Heart Healthy Cooking Tips
It's all in the Preparation
A heart-healthy lifestyle means more than choosing the right foods to eat.
It's also important to prepare foods in a healthy way. When it comes to cutting cholesterol, fat and calories, some ways of cooking are better than others. When cooking, consider steaming, broiling or baking as a healthier alternative to frying. Use non-stick cooking sprays instead of oils; skim milk instead of whole milk. Also, try using olive oil or canola oil in place of butter. Follow these tips when you eat out, too. Don't be afraid to ask for substitutions. It's your heart, you know.
Other Healthy Cooking Tips
- To make gravy without fat, blend a tablespoon of cornstarch with a cup of broth by shaking them together in a jar.
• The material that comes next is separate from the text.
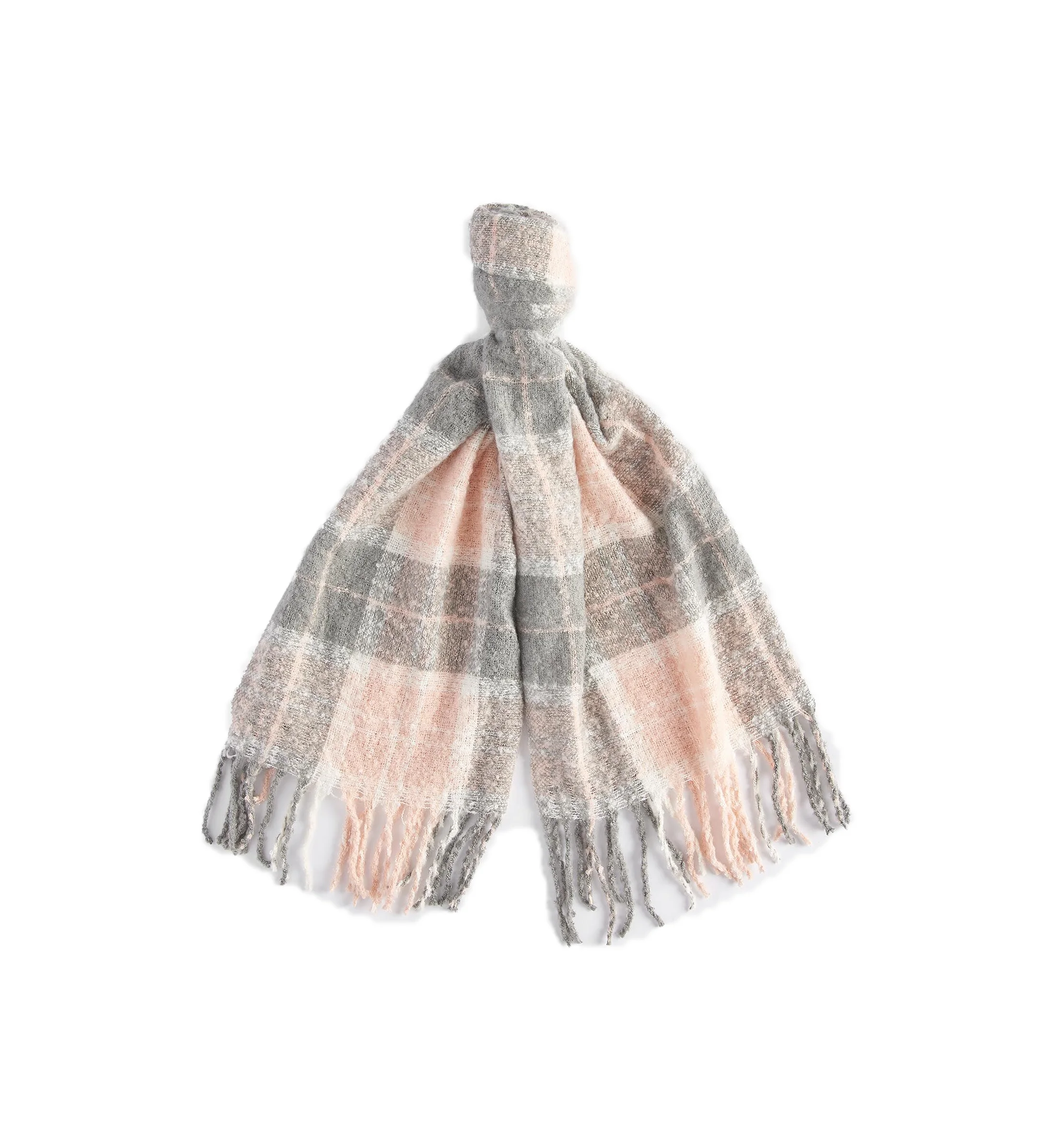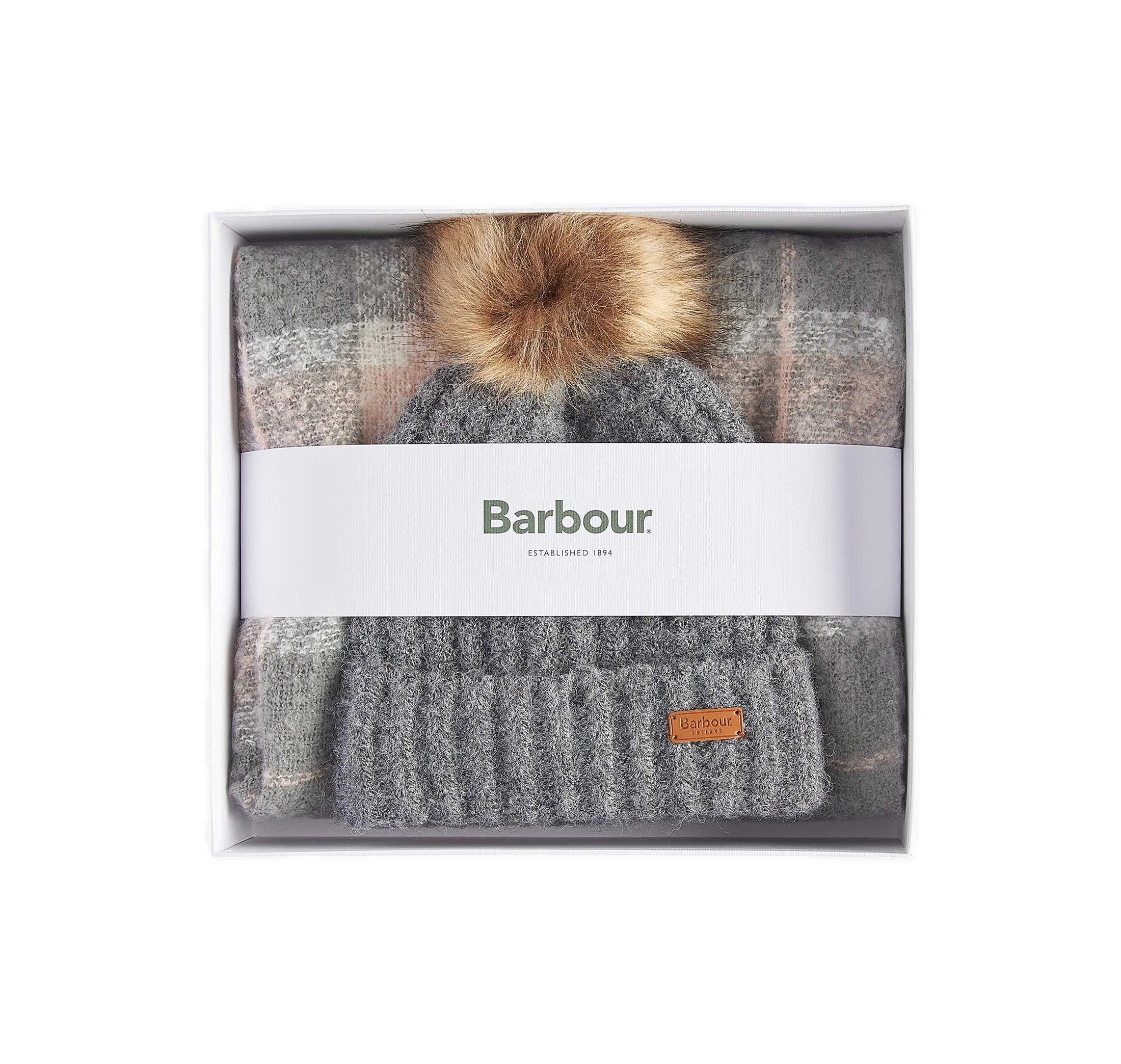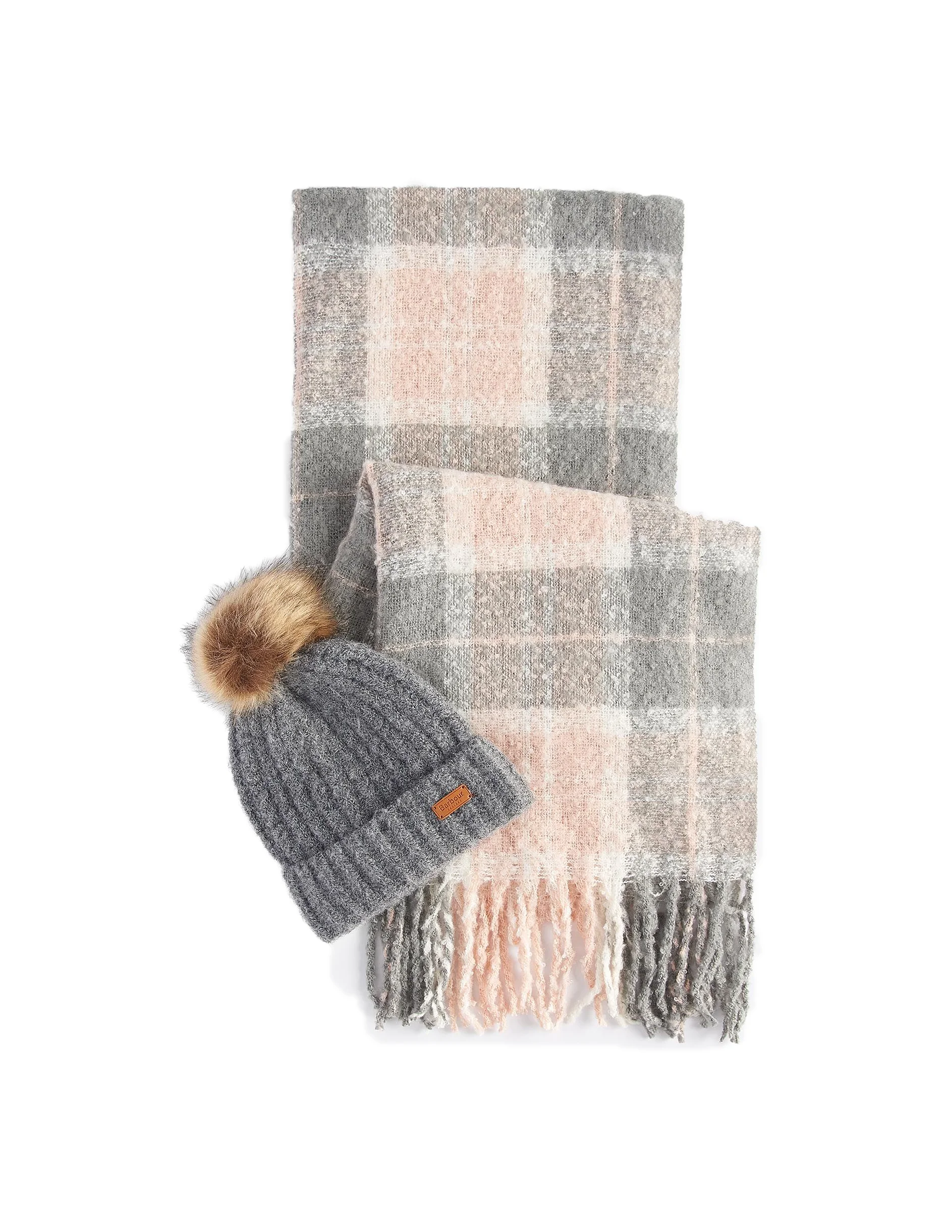 BARBOUR SALT BURN BEANIE AND TARTAN SCARF GREY ROSE GIFT SET

Heat the rest of the broth and add the blended liquid, simmering until thick.
- Make scrambled eggs or omelets using only one egg yolk per portion, and add a few extra egg whites to the batch.
- Remove oils by draining canned tuna, salmon, or sardines and rinsing them in water.
- Don't overcook vegetables. Steam or bake them instead of boiling so they keep more of their natural flavors.
- Mix creamy salad dressing with plain low-fat yogurt.
- Use finely chopped vegetables to stretch ground poultry or meat.
- For a low-sodium, low-fat way to add flavor to your food, use herbs and spices.
- Before you cook, cut all the fat you can see off of any meat and remove all the skin off chicken and turkey.
- Serve smaller portions of dishes that have some fat, and serve bigger portions of no-fat dishes like whole grain pasta, rice, beans and vegetables.